The concentration required for good sanitizing action is really pretty low. The state of Kansas, for example, requires restaurants to use 100 ppm for dishwashers with a cool-water sanitize step (that’s roughly two teaspoons of bleach per gallon or 3.8 liters). The University of Montana state-extension Website recommends 50 ppm for household sanitation of dishes and 100 ppm for sanitizing counter-tops and appliances. Cleaning is another issue — concentrations from 6–12 ounces per gallon (47–94 mL per liter) of water are more common. When I add bleach to caustic, I add about 12 ounces (355 mL) of bleach to two gallons (7.6 L) of a 2% caustic solution. That’s one potent cleaner!
Dear Mr. Wizard,
I use iodophor to sterilize and mix it according to the directions on the bottle. Do you have to rinse after you sterilize with it? I never have and I’ve never had any off-flavors, but I wonder if it is slowly eating away my insides.
Mr. Wizard replies:
Iodophor is a very effective sanitizer and, unlike bleach, can safely be used as a no-rinse sanitizer without adversely affecting the flavor of your beer. The recommended concentration of iodophor is 25 parts per million.

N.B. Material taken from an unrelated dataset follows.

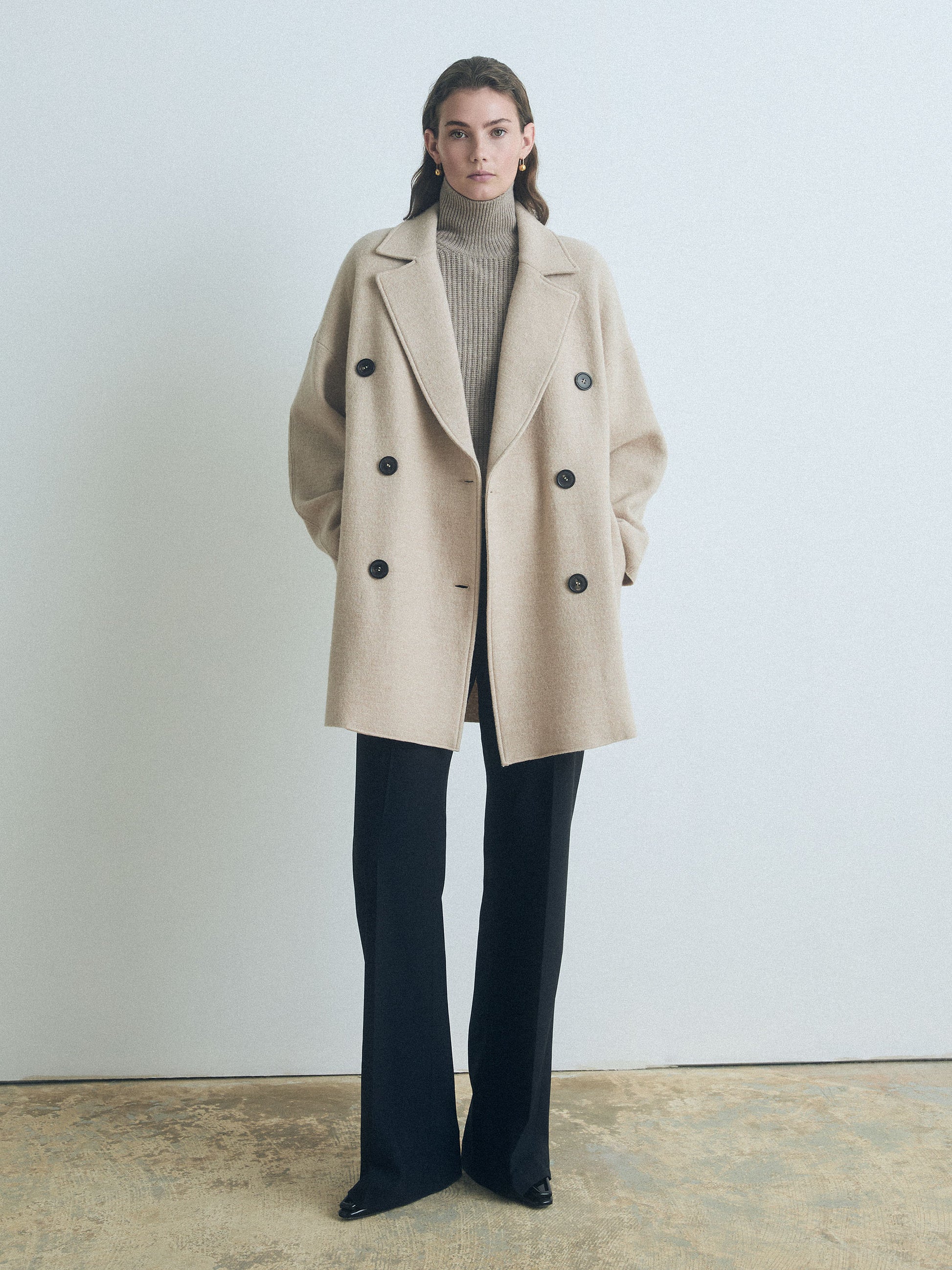 Double-breasted coat in virgin wool, made in Canada.

Most iodophors are diluted so that the typical use rate is somewhere around 0.1 ounce per gallon (7.8 mL per liter). They are always labeled with instructions giving suggested usage rates. If you use it at this concentration and allow your equipment to properly drain, you will be in good shape. Iodophor does have a flavor and, when used at higher-than-recommended strengths, it can impart an iodine flavor to beer — especially if it is not drained from the equipment surface.
Excessive iodine intake (extended consumption of about 0.75 milligrams per day) can cause iodine goiter, a condition characterized by enlargement of the thyroid gland. One ounce of a 25 ppm iodophor solution contains 0.75 milligrams of iodine. To leave that much sanitizer on your equipment would correspond to very careless technique. In addition, your beer would taste objectionable and the off-flavor would be a good warning sign to pay attention to your sanitation procedures. I suppose the flip side is that if you had 1/10th of an ounce (which is still a pretty fair volume) of residual on beer bottles and drank 10 beers per day you could have the same effect.